The sun is just barely peeking over the edge of the horizon when I pull out of the parking lot. I hadn’t planned on leaving so early, but seeing as sleep hasn’t been my friend lately, I see no point in waiting. There’s something peaceful about driving down the freeway before it’s congested with morning commuters. When I look around, I notice that the last bits of winter are finally gone. The grass is starting to turn green again and the trees are filled with buds. It always amazes me how easy it is to get used to the drab shades of winter and how beautiful it is when spring finally arrives.

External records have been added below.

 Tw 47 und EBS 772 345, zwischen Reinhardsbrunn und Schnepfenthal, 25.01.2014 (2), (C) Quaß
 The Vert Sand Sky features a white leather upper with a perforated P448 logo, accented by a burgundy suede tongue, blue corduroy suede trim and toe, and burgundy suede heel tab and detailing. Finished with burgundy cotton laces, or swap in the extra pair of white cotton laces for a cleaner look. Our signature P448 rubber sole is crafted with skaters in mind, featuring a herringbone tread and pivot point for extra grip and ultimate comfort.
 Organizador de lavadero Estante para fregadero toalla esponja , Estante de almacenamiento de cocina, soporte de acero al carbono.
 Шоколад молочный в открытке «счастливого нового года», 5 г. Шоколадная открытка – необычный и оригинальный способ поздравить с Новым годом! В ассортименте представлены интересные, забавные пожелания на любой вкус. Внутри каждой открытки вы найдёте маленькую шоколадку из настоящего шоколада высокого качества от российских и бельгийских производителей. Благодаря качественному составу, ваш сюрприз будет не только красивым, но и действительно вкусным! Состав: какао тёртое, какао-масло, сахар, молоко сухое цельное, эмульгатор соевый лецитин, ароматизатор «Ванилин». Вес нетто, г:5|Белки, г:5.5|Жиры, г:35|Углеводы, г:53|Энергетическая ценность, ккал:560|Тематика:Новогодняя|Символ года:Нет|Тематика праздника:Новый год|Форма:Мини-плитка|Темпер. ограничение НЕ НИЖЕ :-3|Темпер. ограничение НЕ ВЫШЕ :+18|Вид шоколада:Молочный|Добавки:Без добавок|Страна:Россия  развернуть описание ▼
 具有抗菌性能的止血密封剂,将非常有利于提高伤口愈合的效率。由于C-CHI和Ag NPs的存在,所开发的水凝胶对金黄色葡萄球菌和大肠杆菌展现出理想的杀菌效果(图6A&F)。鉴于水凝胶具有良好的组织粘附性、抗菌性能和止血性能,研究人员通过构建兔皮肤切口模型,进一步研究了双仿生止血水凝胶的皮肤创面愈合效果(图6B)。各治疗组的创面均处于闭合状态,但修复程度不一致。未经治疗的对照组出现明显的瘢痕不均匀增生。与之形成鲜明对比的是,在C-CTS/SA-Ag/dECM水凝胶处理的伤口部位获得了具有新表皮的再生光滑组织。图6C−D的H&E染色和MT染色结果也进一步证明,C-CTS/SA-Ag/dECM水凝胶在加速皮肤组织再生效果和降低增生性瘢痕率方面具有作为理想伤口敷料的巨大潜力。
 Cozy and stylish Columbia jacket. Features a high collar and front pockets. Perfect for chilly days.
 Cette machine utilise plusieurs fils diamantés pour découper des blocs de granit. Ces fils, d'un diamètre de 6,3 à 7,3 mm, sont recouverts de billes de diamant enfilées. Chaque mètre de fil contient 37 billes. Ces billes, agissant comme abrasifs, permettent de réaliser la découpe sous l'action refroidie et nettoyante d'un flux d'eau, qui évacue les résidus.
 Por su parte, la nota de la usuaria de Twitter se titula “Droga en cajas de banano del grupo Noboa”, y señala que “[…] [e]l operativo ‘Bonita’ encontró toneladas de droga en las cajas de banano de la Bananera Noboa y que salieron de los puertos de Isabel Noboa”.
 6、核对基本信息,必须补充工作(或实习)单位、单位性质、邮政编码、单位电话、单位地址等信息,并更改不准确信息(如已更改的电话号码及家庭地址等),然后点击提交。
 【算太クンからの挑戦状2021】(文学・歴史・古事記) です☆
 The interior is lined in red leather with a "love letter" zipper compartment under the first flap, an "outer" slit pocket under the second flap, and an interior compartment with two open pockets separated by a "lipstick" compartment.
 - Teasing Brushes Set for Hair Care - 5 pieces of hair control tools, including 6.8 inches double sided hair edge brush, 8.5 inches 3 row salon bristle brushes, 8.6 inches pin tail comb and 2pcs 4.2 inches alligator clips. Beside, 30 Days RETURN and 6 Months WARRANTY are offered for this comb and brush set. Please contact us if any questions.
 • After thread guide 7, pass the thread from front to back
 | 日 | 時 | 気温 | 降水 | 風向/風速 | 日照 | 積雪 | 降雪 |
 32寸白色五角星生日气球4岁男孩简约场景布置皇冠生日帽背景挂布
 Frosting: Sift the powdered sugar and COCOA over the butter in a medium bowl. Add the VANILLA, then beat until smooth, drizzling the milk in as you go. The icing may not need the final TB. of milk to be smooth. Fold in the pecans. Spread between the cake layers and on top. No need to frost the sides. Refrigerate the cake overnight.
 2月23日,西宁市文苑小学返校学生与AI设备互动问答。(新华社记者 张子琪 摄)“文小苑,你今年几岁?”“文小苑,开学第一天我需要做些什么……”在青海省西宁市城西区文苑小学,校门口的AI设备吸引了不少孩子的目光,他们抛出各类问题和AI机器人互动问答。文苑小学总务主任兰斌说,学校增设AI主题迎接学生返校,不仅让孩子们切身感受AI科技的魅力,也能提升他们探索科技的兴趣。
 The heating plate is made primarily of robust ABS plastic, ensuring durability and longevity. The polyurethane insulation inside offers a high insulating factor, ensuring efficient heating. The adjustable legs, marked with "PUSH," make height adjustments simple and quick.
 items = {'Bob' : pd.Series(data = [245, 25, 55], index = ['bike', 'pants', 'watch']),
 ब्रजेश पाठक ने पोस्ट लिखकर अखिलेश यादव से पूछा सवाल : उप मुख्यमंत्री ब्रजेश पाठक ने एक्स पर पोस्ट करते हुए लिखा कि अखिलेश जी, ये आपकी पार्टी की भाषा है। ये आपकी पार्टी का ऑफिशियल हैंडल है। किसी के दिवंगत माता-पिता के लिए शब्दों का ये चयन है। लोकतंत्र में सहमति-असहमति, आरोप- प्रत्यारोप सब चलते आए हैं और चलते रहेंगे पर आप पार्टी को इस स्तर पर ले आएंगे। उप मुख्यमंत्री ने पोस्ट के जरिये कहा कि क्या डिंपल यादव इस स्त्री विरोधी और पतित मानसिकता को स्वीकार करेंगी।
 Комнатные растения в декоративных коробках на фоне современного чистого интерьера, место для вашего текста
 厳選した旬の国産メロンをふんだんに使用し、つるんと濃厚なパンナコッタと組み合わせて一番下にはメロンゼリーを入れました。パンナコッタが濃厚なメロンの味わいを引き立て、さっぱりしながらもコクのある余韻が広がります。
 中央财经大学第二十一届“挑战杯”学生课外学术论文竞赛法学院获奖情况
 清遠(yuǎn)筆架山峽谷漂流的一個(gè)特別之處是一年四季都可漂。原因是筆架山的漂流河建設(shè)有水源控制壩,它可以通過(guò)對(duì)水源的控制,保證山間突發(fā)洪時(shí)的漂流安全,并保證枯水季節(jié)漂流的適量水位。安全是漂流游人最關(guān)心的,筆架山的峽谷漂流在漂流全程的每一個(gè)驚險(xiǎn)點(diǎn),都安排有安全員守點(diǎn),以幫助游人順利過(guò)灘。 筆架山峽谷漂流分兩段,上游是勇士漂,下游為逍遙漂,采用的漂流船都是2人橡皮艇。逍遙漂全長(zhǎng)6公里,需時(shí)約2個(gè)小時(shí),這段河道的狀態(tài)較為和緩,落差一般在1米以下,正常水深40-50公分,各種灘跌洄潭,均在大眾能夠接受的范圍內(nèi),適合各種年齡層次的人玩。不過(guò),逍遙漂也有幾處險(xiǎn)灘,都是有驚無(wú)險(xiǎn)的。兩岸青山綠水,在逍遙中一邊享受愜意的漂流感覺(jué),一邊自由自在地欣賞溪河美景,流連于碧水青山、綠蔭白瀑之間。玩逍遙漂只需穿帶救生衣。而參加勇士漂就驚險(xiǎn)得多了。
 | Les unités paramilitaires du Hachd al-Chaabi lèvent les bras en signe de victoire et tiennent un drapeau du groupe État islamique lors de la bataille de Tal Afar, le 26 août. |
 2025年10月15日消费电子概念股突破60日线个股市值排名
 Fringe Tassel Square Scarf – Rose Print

I allow myself to think about Alyssa as I ease my way onto the Interstate. If we had met under different circumstances and she wasn’t married with a little boy, I could see the two of us hitting the road,
Thelma and Louise
style. I laugh as I think about her having to come out to the parking lot of a honky-tonk in the middle of nowhere, threatening to kill someone for me. I’m the good girl and she’s the bad-ass.

The
first time in the eleven days since she’s been gone that I allow myself to smile as I think about the adventures we would have taken. There were so many places Alyssa wanted to see that she’ll never get to now. On the days when she wasn’t feeling great, we had plenty of time to daydream about all the things we would do if we had unlimited money and time. At the top of her list; Memphis so she could walk down Beale Street. My Louise might not be sitting next to me, but I’m determined to make the trip for her.